'''

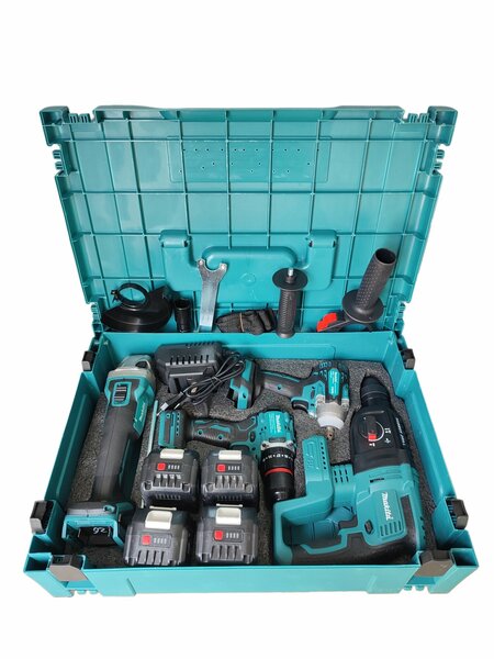Набор инструментов аккумуляторных 4 предмета (ушм, перфоратор, шуруповерт, гайковерт) 2АКБ 20V 4Ah - это комплект из четырех электроинструментов, предназначенных для выполнения различных задач по резке, шлифовке, сверлению и закручиванию. УШМ-болгарка с бесщеточным двигателем и регулировкой оборотов, гайковерт с бесщеточным двигателем, подсветкой и максимальным крутящим моментом 300 Нм, перфоратор с бесщеточным двигателем и частотой вращения 1200 об/мин, а также дрель-шуруповерт с быстрозажимным патроном и подсветкой. Все инструменты работают от аккумуляторов напряжением 18 В и емкостью 4 Ач. В комплекте идут 4 аккумулятора Li-Ion типа, зарядное устройство-слайдер и кейс для удобства хранения и транспортировки. Набор инструментов "4 в 1" TZ-152 - это удобный и практичный выбор для тех, кто ищет надежный и многофункциональный инструмент для выполнения различных работ.
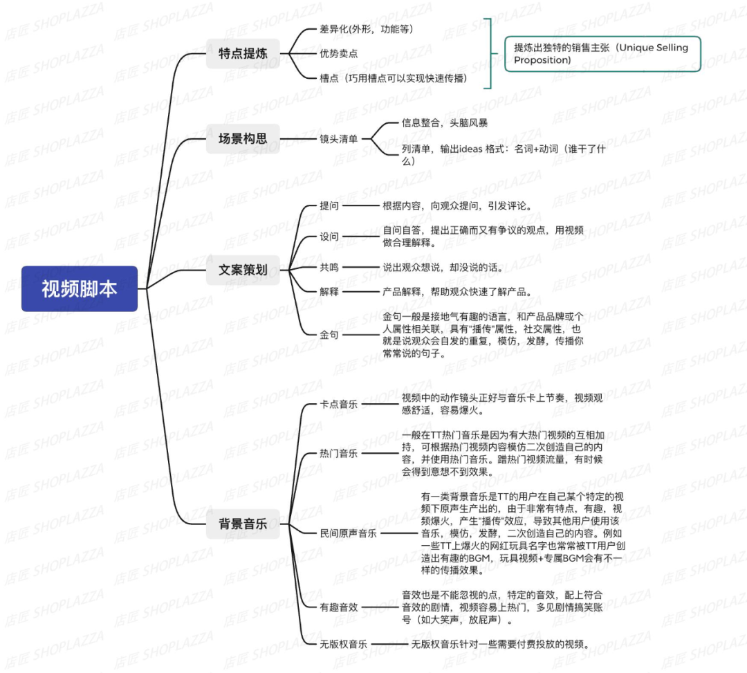 店匠SHOPLAZZA 将视频脚本需要创作的内容为大家进行了梳理,先看思维导图,再讲解:
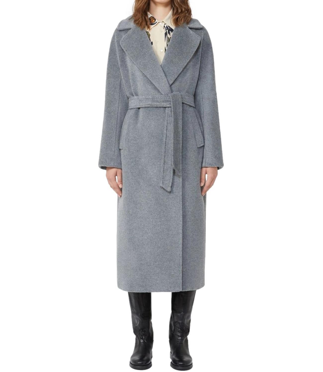 Cappotto lungo dalla silhouette a vestaglia con cintura abbinata in vita.
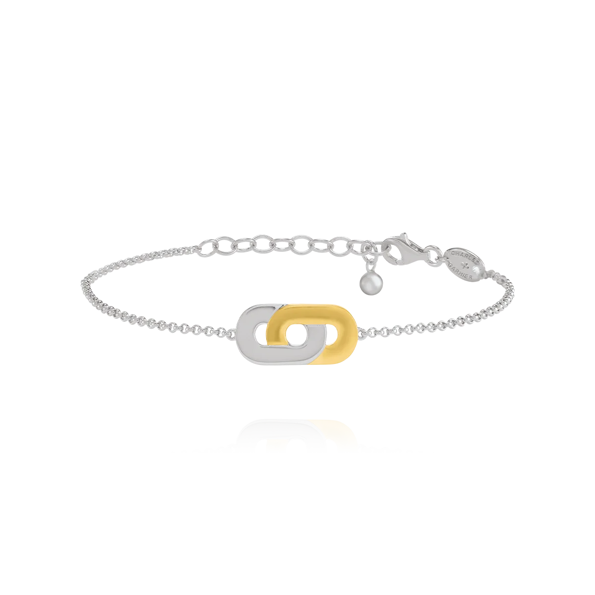 Offrez-vous le Bracelet STYLES, une bijou qui sublime la délicatesse des poignets ! En argent 925 bicolore, il présente un jeu de maillons entrelacés où l'argent doré se marie à la perfection avec la douceur de l'argent pur, créant ainsi un contraste saisissant. L'absence de pierres met en valeur la pureté des métaux, tandis que la brillance naturelle de l'argent doré apporte une touche de lumière subtile. Le bracelet STYLES est l'accessoire idéal pour celles qui cherchent à ajouter une note d'élégance discrète à leur tenue du jour.
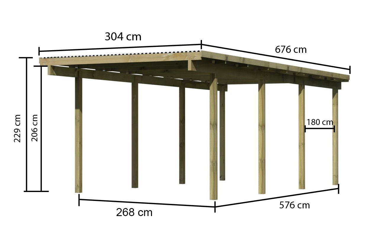 Holz-Doppelcarport EcoShield 595 x 495 cm, Fichte Holz-Doppelcarport EcoShield 595 x 495 cm, Fichte
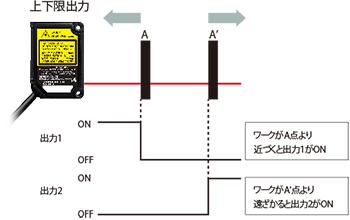 制御出力の数によって対応できる用途が変わります。例えば1系統の場合、設定距離よりも物体が近い・遠いのどちらかを出力しますが、2系統であれば、その両方を区別して出力でき、従来センサが2台必要だった用途に1台で対応できます。
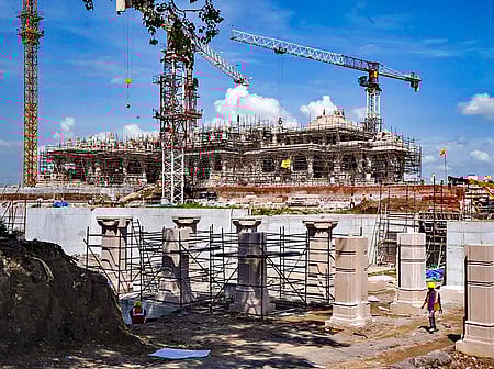 ராமஜென்மபூமி வழக்கில் உச்ச நீதிமன்றம் கடந்த 2019-ஆம் ஆண்டு அளித்த தீா்ப்பையடுத்து அயோத்தியில் ராமா் கோயில் கட்டப்பட்டு வருகிறது. கடந்த 2020-ஆம் ஆண்டு ஆகஸ்டில் நடைபெற்ற பூமி பூஜையைத் தொடா்ந்து ராமா் கோயில் கட்டும் பணி தொடங்கியது. 2.27 ஏக்கா் பரப்பளவில் 3 அடுக்கில் உருவாகி வரும் ராமா் கோயிலின் கட்டுமானப் பணிகள் மும்முரமாக நடைபெற்று வருகின்றன.

'''

◆ ASSIGNMENT ◆
Everything in the data above gets copied exactly. Only the pictures are skipped.

◆ RESULT ◆
Набор инструментов аккумуляторных 4 предмета (ушм, перфоратор, шуруповерт, гайковерт) 2АКБ 20V 4Ah - это комплект из четырех электроинструментов, предназначенных для выполнения различных задач по резке, шлифовке, сверлению и закручиванию. УШМ-болгарка с бесщеточным двигателем и регулировкой оборотов, гайковерт с бесщеточным двигателем, подсветкой и максимальным крутящим моментом 300 Нм, перфоратор с бесщеточным двигателем и частотой вращения 1200 об/мин, а также дрель-шуруповерт с быстрозажимным патроном и подсветкой. Все инструменты работают от аккумуляторов напряжением 18 В и емкостью 4 Ач. В комплекте идут 4 аккумулятора Li-Ion типа, зарядное устройство-слайдер и кейс для удобства хранения и транспортировки. Набор инструментов "4 в 1" TZ-152 - это удобный и практичный выбор для тех, кто ищет надежный и многофункциональный инструмент для выполнения различных работ.
 店匠SHOPLAZZA 将视频脚本需要创作的内容为大家进行了梳理,先看思维导图,再讲解:
 Cappotto lungo dalla silhouette a vestaglia con cintura abbinata in vita.
 Offrez-vous le Bracelet STYLES, une bijou qui sublime la délicatesse des poignets ! En argent 925 bicolore, il présente un jeu de maillons entrelacés où l'argent doré se marie à la perfection avec la douceur de l'argent pur, créant ainsi un contraste saisissant. L'absence de pierres met en valeur la pureté des métaux, tandis que la brillance naturelle de l'argent doré apporte une touche de lumière subtile. Le bracelet STYLES est l'accessoire idéal pour celles qui cherchent à ajouter une note d'élégance discrète à leur tenue du jour.
 Holz-Doppelcarport EcoShield 595 x 495 cm, Fichte Holz-Doppelcarport EcoShield 595 x 495 cm, Fichte
 制御出力の数によって対応できる用途が変わります。例えば1系統の場合、設定距離よりも物体が近い・遠いのどちらかを出力しますが、2系統であれば、その両方を区別して出力でき、従来センサが2台必要だった用途に1台で対応できます。
 ராமஜென்மபூமி வழக்கில் உச்ச நீதிமன்றம் கடந்த 2019-ஆம் ஆண்டு அளித்த தீா்ப்பையடுத்து அயோத்தியில் ராமா் கோயில் கட்டப்பட்டு வருகிறது. கடந்த 2020-ஆம் ஆண்டு ஆகஸ்டில் நடைபெற்ற பூமி பூஜையைத் தொடா்ந்து ராமா் கோயில் கட்டும் பணி தொடங்கியது. 2.27 ஏக்கா் பரப்பளவில் 3 அடுக்கில் உருவாகி வரும் ராமா் கோயிலின் கட்டுமானப் பணிகள் மும்முரமாக நடைபெற்று வருகின்றன.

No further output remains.